# New to ohio.



## Abspencer20 (Jan 27, 2018)

I am new to Ohio and looking for some good creeks and streams to fly fish for smallmouth in southern Ohio. Closest lake to me is lake vesuvius. Any places you suggest?


----------



## rickerd (Jul 16, 2008)

Give us time. I think we do have some people living in Southern Ohio that can comment/ help. I live near the big water so I can't help you down there. I visited Deer Creek Lake a couple years ago and it looked pretty. Go to Ohio DNR website and they have list of rivers, lakes and maps and what species are in the lakes. 

Rickerd


----------



## sherman51 (Apr 12, 2011)

welcome to our part of the world and the best forum around to get help. I'm over here in Indiana but love fishing erie.
sherman


----------



## bobcatbasser (Sep 20, 2014)

I don’t have experience fishing smallies on the fly that far south, but I imagine any Ohio river trib would have good numbers and size. Based on your location strom creek and ice creek would be good starting points. Google maps will help.


----------



## riverKing (Jan 26, 2007)

Almost every one of the streams in your area are loaded with spotted bass and the rocky areas will have smallmouth. The larger streams with more hard bottom will have better smallmouth. Unfortunately given the habitat in that area the smallmouth are typically not the dominate black bass species. The hocking river, ohio brush, and paint creek are all a ways off but they are better smallies streams. The direct tribs to the ohio will get an influx of larger migratory smallies in the spring, especially those with higher gradient and more rock, you could try little scioto, it has a good mixed bag of all three black bass but spots will dominate. Raccoon creek is probably the best spotted bass stream in the state. Spots rarely get over 15in but the are a ton of fun and love flies.


----------



## TheCream (Mar 19, 2009)

riverKing said:


> Almost every one of the streams in your area are loaded with spotted bass and the rocky areas will have smallmouth. The larger streams with more hard bottom will have better smallmouth. Unfortunately given the habitat in that area the smallmouth are typically not the dominate black bass species. The hocking river, ohio brush, and paint creek are all a ways off but they are better smallies streams. The direct tribs to the ohio will get an influx of larger migratory smallies in the spring, especially those with higher gradient and more rock, you could try little scioto, it has a good mixed bag of all three black bass but spots will dominate. Raccoon creek is probably the best spotted bass stream in the state. Spots rarely get over 15in but the are a ton of fun and love flies.

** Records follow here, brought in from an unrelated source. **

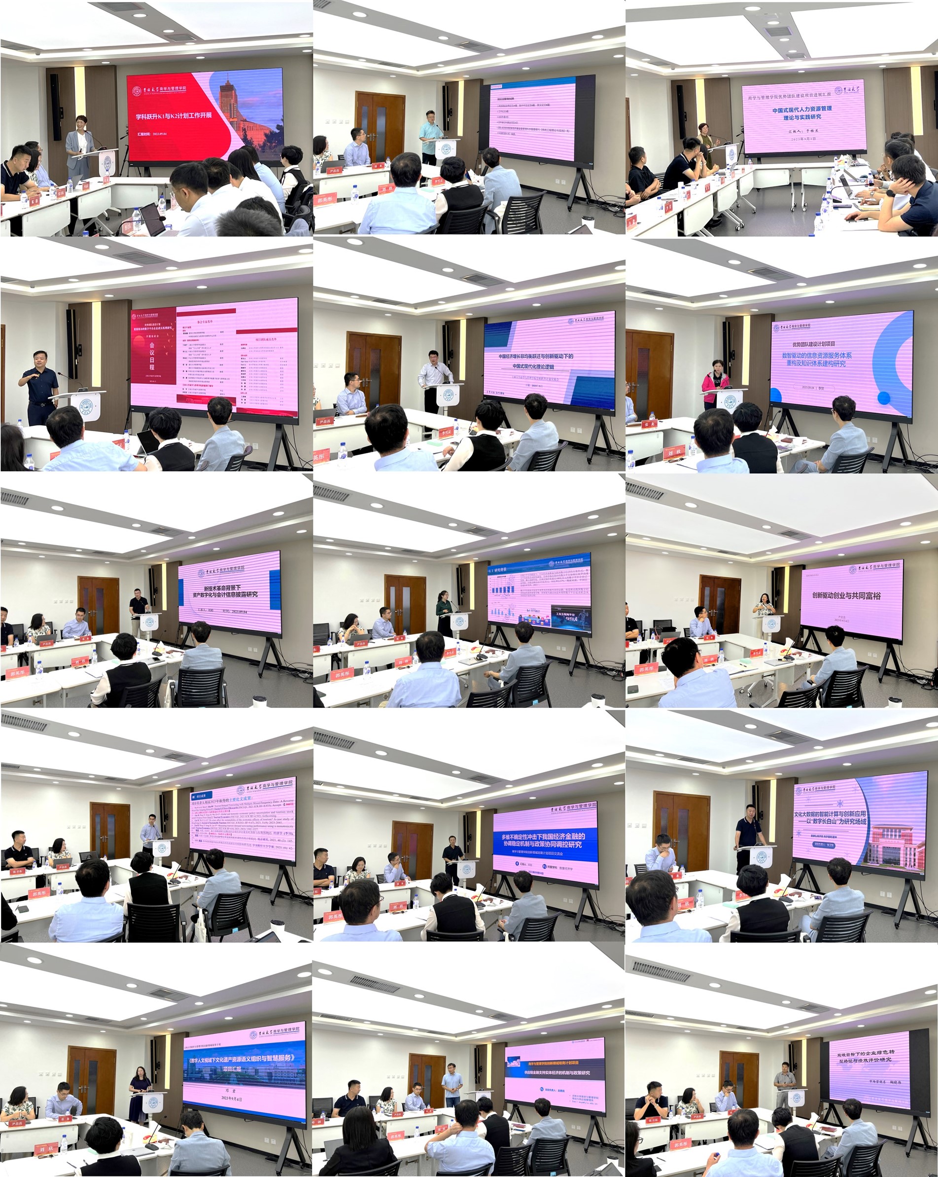 为全面落实吉林大学“平台工程”战略,推动学院“一流”学科内涵建设,优化学科结构,凝练学科方向,整合优势资源,深化协同创新,提升学科建设水平和管理效能,开创高质量发展新局面,2022年,学院出台了《商学与管理学院学科水平跃升计划(2022-2024年)》,坚持“立足当前、着眼长远,系统推进、分步实施,质量导向、内涵发展”的基本思路,以建设国内一流、国际知名的高水平学科为目标,围绕六项关键行动计划(即“K6行动计划”)整体推进,力争到2024年,取得“12345”学科建设成效,实现“高峰”学科突破跃升,彰显“高原”学科特色发展,不断增强学院学科整体实力。经过团队申报、专家论证、第三方学术机构评审等方式,学院2022年度优势团队建设计划项目和创新领域培育计划项目立项的负责人围绕项目建设过程中的经验、问题,以及未来建设过程中的设想进行了充分讨论。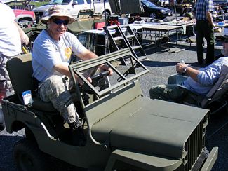 | Jeff trys out a mini jeep knock off. Under the mini jeep chassis made by D&L Bessinger is a riding lawn mower frame and engine. 0 to 15 MPH in 30 seconds. |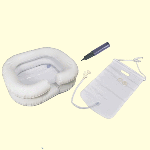 Mobilní umyvadlo na hlavu je speciální zdravotnická pomůcka, která usnadňuje provádění hygieny pacientům připoutaným na lůžku. Tvar umyvadla s výřezem na krk je speciálně uzpůsoben pro mytí hlavy, krku a vlasů.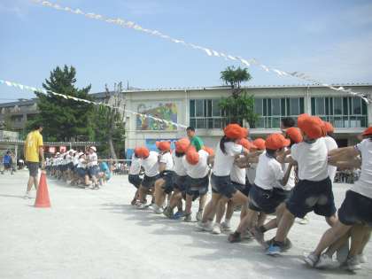 全校児童による綱引きで決着がつき、今年度は白組の優勝です。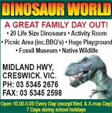 Dinosaur World (also known as World of Dinosaurs) was a theme park located 1.5km off the Midland Highway, outside Creswick, Victoria. Only 4 hectares (10 acres) large, it included around twenty life-size dinosaur models, a museum, playground and barbecue area.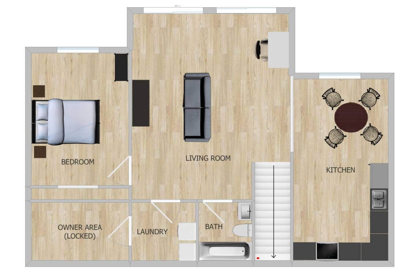Bedroom and laundry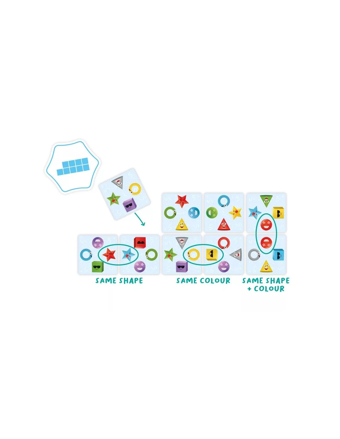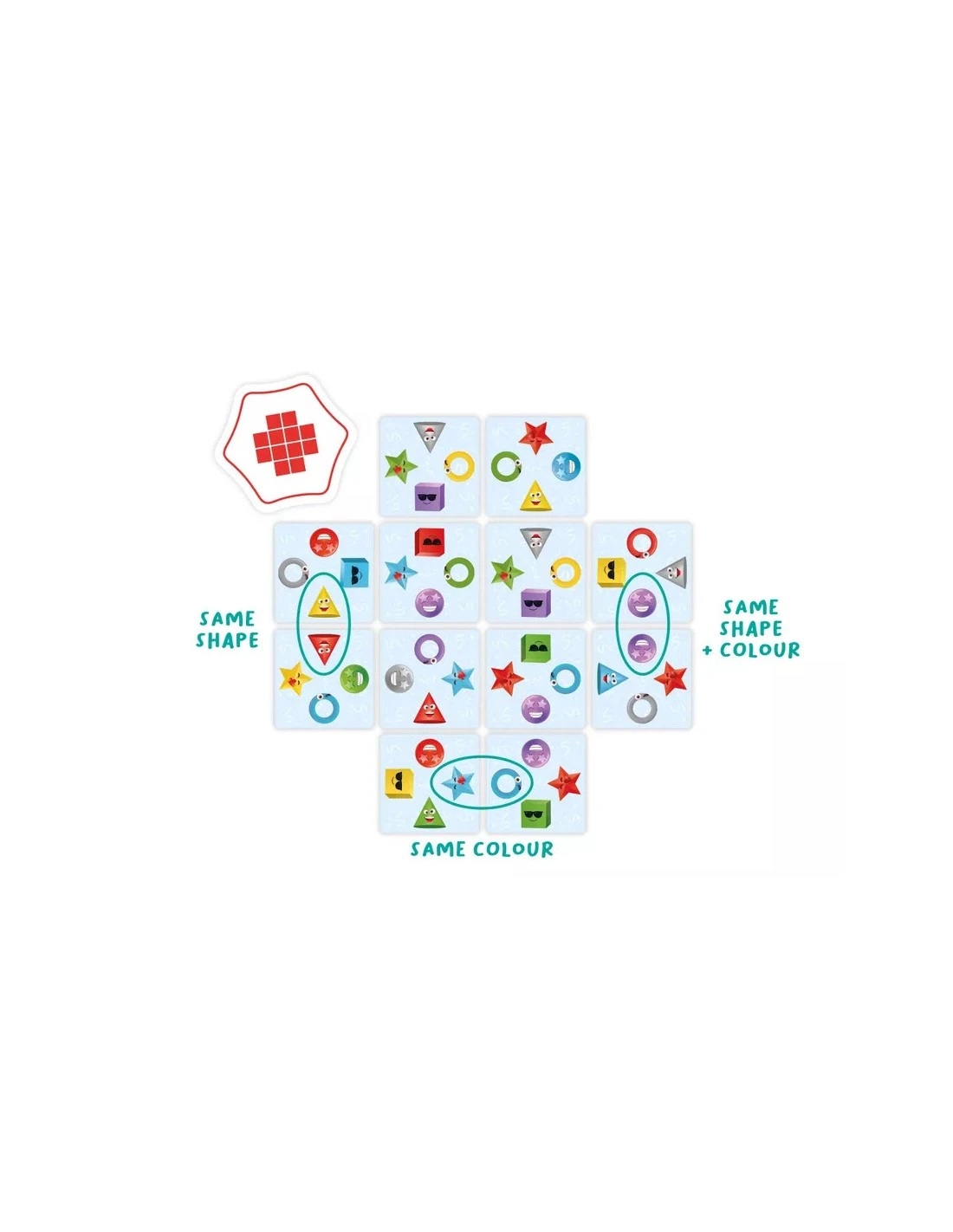 Try to match the playing cards to the exposed pattern on the pattern card.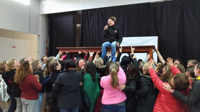 Ao final do encontro a Secretaria Estela Maris Bergamini Machado mostrou – não só falou – da importância da união da equipe para levar a educação do município com resultados positivos, eficiência, força e sabedoria. Como simbologia, ela subiu em uma mesa que foi levantada pela soma das forças de todos.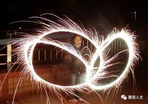 每天傍晚,男孩女孩每人都手拿一支,小手一摇,莲花串串,银光闪闪,满街都喊着:“滴滴吉,滴滴吉,不等黑天放两根!”孩子们高兴的在街上窜来窜去,来回奔跑,孩童们挥着“滴滴吉”摇晃,火花随着孩子流动,整条大街就变成了一条繁星闪烁的的银河宵汉。有的孩子放“滴滴吉”别出新裁,把一根向日葵杆子,用涶沫沾上一串“滴滴吉”,在大街上摇晃奔跑,变成了一面银光闪烁的流星帘幕,伴随着孩童们的跳跃欢呼,银色的火花,漫天飞舞,与星月争辉,一幅美丽灿烂的夜景画卷立刻就展现在了乡野农村。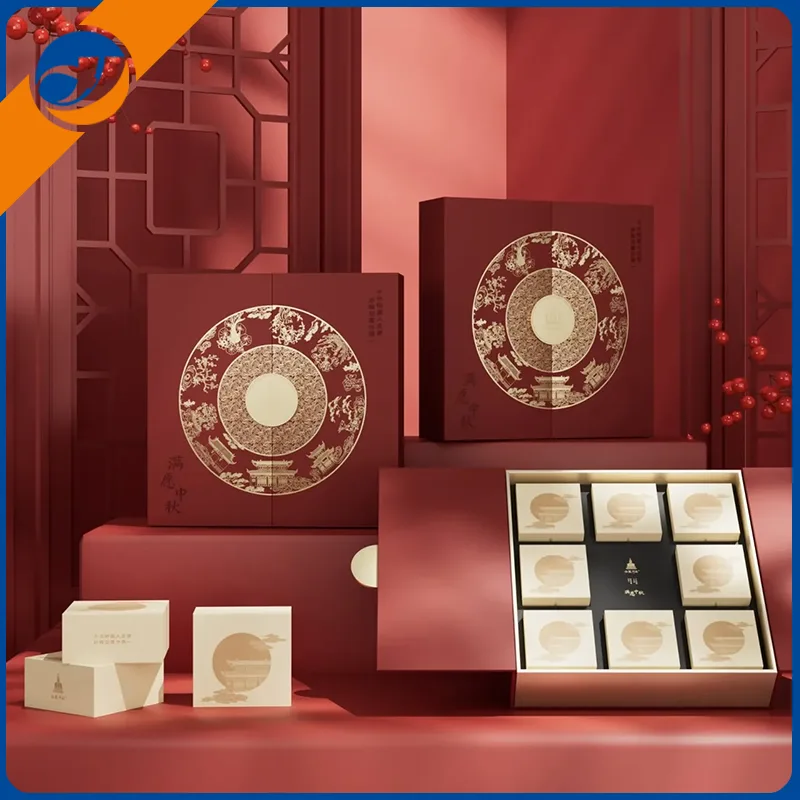 Mid-autumn Festival presentförpackningVänd/utdragbar presentförpackning: Lätt att öppna och förvara, inbyggda skiktade kortplatser för att fixa gåvor.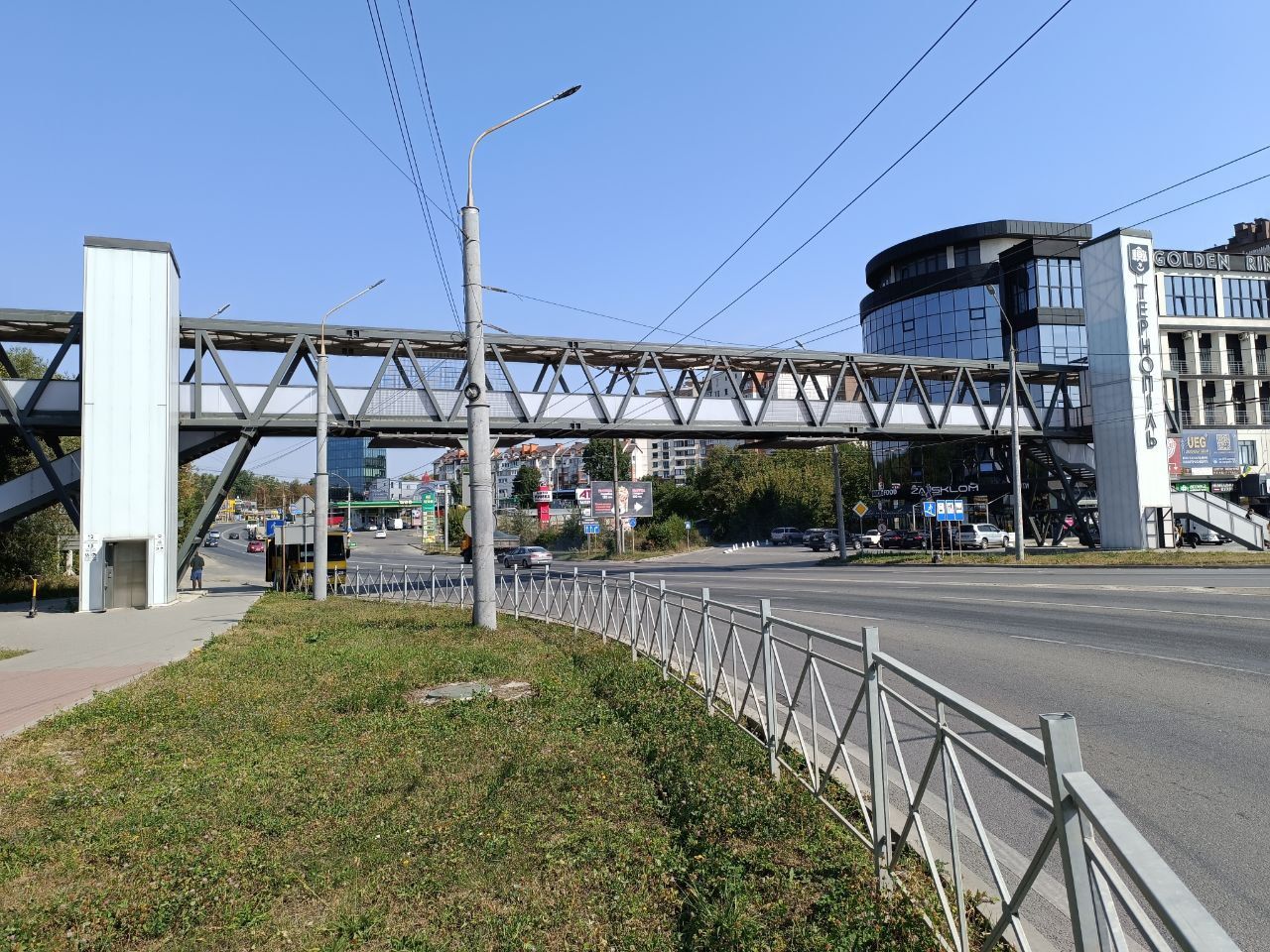 Надземний пішохідний перехід на вулиці 15 квітня. У якому стані конструкція, яку встановили у 2020 році як «приклад державно-приватного партнерства та ведення соціально-відповідального бізнесу» у Тернополі? «20 хвилин» перевірили.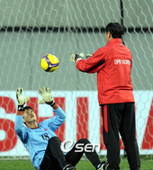 2009.03.31 20: 19몸을 푸는 북한 골키퍼 김명길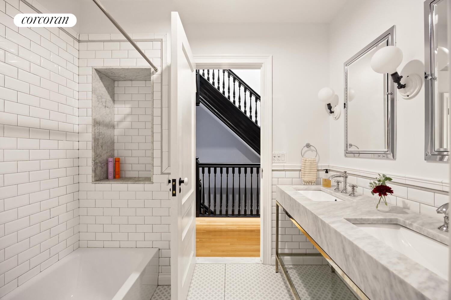 Three well-proportioned bedrooms and two full bathrooms comprise the third level. Another grand, west-facing bedroom mirrors the one below and includes its own en suite bath with shower. Two additional bedrooms are located toward the rear of the home and share a beautifully appointed bathroom featuring a double vanity with marble countertops, a deep soaking tub, and a private water closet-perfectly designed for both privacy and convenience. Also located is a large closet with oversized washer/dryer and plenty of space for lined storage.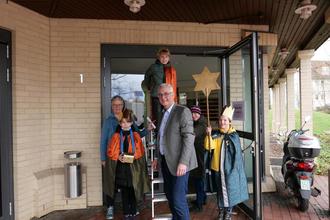 Gut gesichert von Bürgermeister Uwe Jäger (M.), Sandra Gemke (l.) und Nicola Eckhardt (r.) brachte Sternsinger Hannes Wollenhaupt den Segen für 2023 über der Eingangstür des Rathauses an.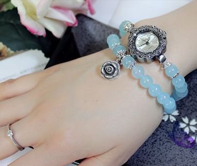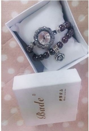 원본상품명: 美しい 天然水晶 バラの チャ?ム付き ?珠ブレスレット風 腕時計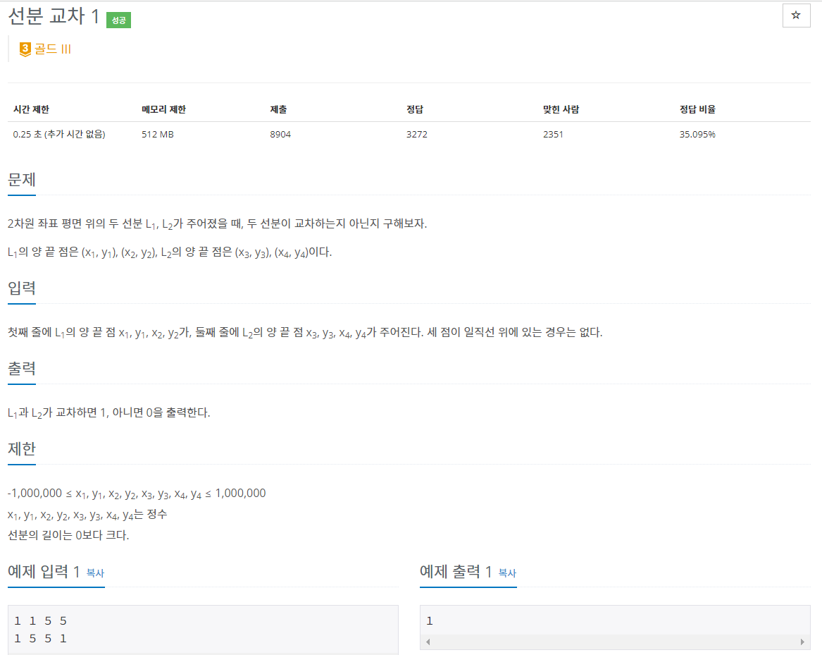 이전 포스팅에서 CCW 알고리즘을 활용하여 선분 교차하는 방법에 대해서 배웠다.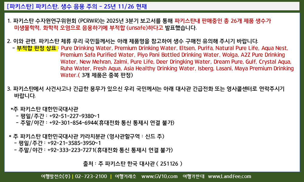 [파키스탄] 파키스탄, 생수 음용 주의 - 25년 11/26 현재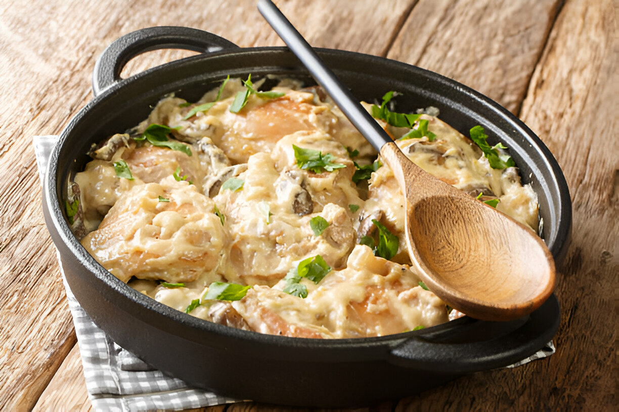 Chicken and Mushroom Skillet in Creamy Asiago Mustard Sauce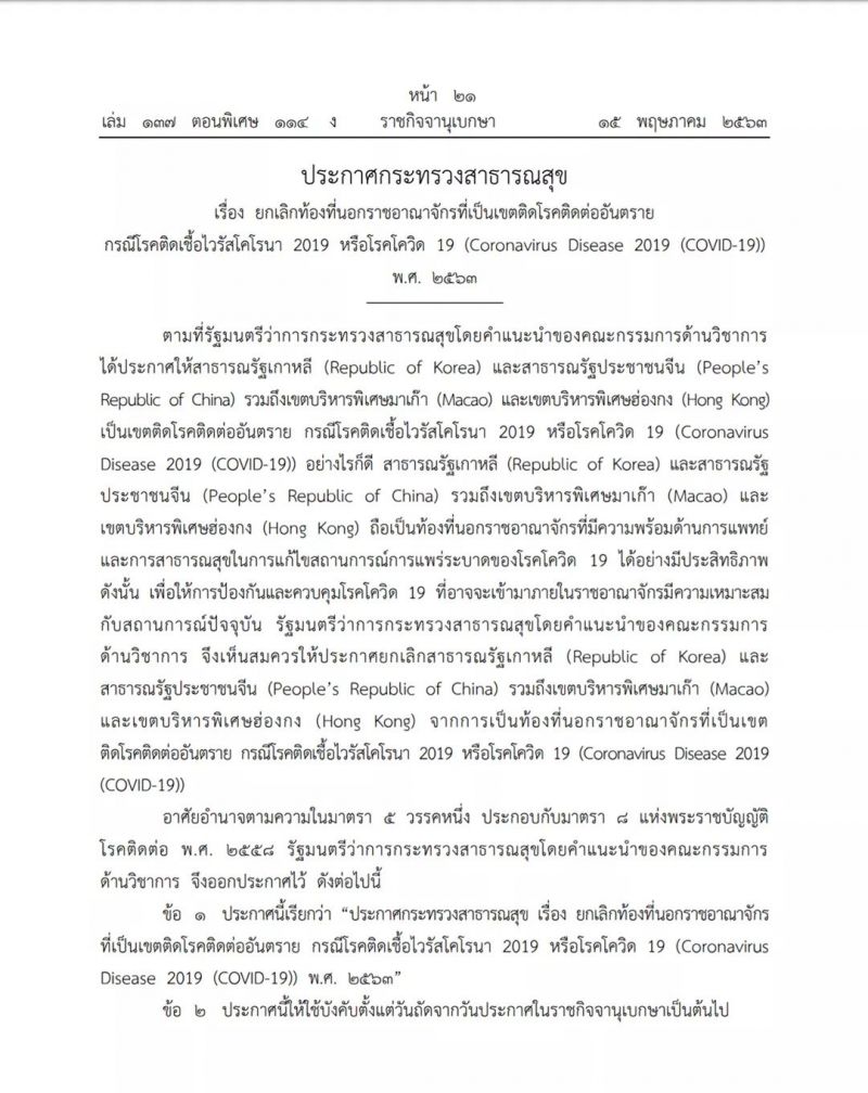 ตามที่รัฐมนตรีว่าการกระทรวงสาธารณสุขโดยคำแนะนำของคณะกรรมการด้านวิชาการ ได้ประกาศให้สาธารณรัฐเกาหลี (Republic of Korea) และสาธารณรัฐประชาชนจีน (People's Republic of China) รวมถึงเขตบริหารพิเศษมาเก๊า (Macao) และเขตบริหารพิเศษฮ่องกง (Hong Kong เป็นเขตติดโรคติดต่ออันตราย กรณีโรคติดเชื้อไวรัสโคโรนา 2019 หรือโรคโควิด 19 (Coronavirus Disease 2019 (COVID-19)) อย่างไรก็ดี สาธารณรัฐเกาหลี (Republic of Korea) และสาธารณรัฐ ประชาชนจีน (People's Republic of China) รวมถึงเขตบริหารพิเศษมาเก๊า (Macao) และ เขตบริหารพิเศษฮ่องกง (Hong Kong) ถือเป็นท้องที่นอกราชอาณาจักรที่มีความพร้อมด้านการแพทย์ และการสาธารณสุขในการแก้ไขสถานการณ์การแพร่ระบาดของโรคโควิต 19 ได้อย่างมีประสิทธิภาพ ดังนั้น เพื่อให้การป้องกันและควบคุมโรคโควิด 19 ที่อาจจะเข้ามาภายในราชอาณาจักรมีความเหมาะสม กับสถานการณ์ปัจจุบัน รัฐมนตรีว่าการกระทรวงสาธารณสุขโดยคำแนะนำของคณะกรรมการ ด้านวิชาการ จึง เห็นสมควรให้ประกาศยกเลิกสาธารณรัฐเกาหลี (Republic of Korea) และ สาธารณรัฐประชาชนจีน (People's Republic of China) รวมถึงเขตบริหารพิเศษมาเก๊า (Macao) และเขตบริหารพิเศษฮ่องกง (Hong Kong) จากการเป็นท้องที่นอกราชอาณาจักรที่เป็นเขต ติดโรคติดต่ออันตราย กรณีโรคติดเชื้อไวรัสโคโรนา 2019 หรือโรคโควิด 19 (Coronavirus Disease 2019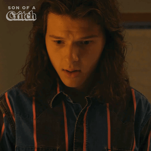 Mike Critch Jr. from Son of a Critch looks surprised as the caption 'She's perfect' appears on screen.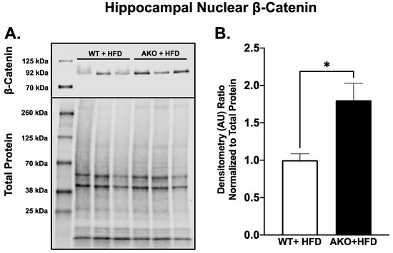 We performed Western blotting for nuclear β-Catenin in HFD-fed AKO and WT mouse hippocampal tissue. Results showed that HFD-fed AKO mice had increased expression of nuclear β-Catenin compared to WT (Figure 2; p = 0.03).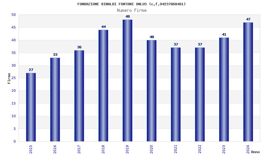 | Anno | Firme | Importi | Media | Naz. | Reg. | Prov. | Comu. |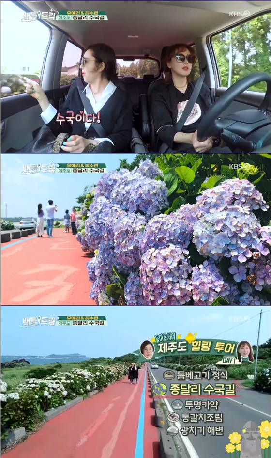 '배틀트립'에서 유혜리와 최수린이 수국을 보며 함께 제주도 여행을 했다.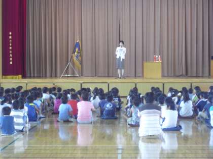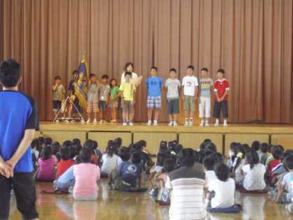先週、6年生と5年生が水泳記録会で、自分の記録に挑戦し、最後まで粘り強く泳ぎ切りました。他の人が泳いでいる時も「頑張れ」と応援している声が響き、とてもすばらしい記録会でした。

If anyone would know, it's this guy. ^^^^

I do enjoy living inside 20 minutes of Raccoon.


----------



## Yakphisher (Jul 9, 2013)

Damn there goes out the big secret...... hush....hush!^^
Noticed a lot more traffic on the stream last fall.

Heard of few copperheads around Raccoon also so be careful.


----------



## Yakphisher (Jul 9, 2013)

Scioto creek and it tribs are hotbed for all kinds of great fly fishing action so you are in good general location.


----------



## Pike (Apr 7, 2004)

Southeast or Southwest?


----------



## Abspencer20 (Jan 27, 2018)

Pike said:


> Southeast or Southwest?


Tristate area like ironton or south point


----------



## Abspencer20 (Jan 27, 2018)

Yakphisher said:


> Scioto creek and it tribs are hotbed for all kinds of great fly fishing action so you are in good general location.


Thanks for the tip. I will try to check out those spots come spring


----------



## Abspencer20 (Jan 27, 2018)

riverKing said:


> Almost every one of the streams in your area are loaded with spotted bass and the rocky areas will have smallmouth. The larger streams with more hard bottom will have better smallmouth. Unfortunately given the habitat in that area the smallmouth are typically not the dominate black bass species. The hocking river, ohio brush, and paint creek are all a ways off but they are better smallies streams. The direct tribs to the ohio will get an influx of larger migratory smallies in the spring, especially those with higher gradient and more rock, you could try little scioto, it has a good mixed bag of all three black bass but spots will dominate. Raccoon creek is probably the best spotted bass stream in the state. Spots rarely get over 15in but the are a ton of fun and love flies.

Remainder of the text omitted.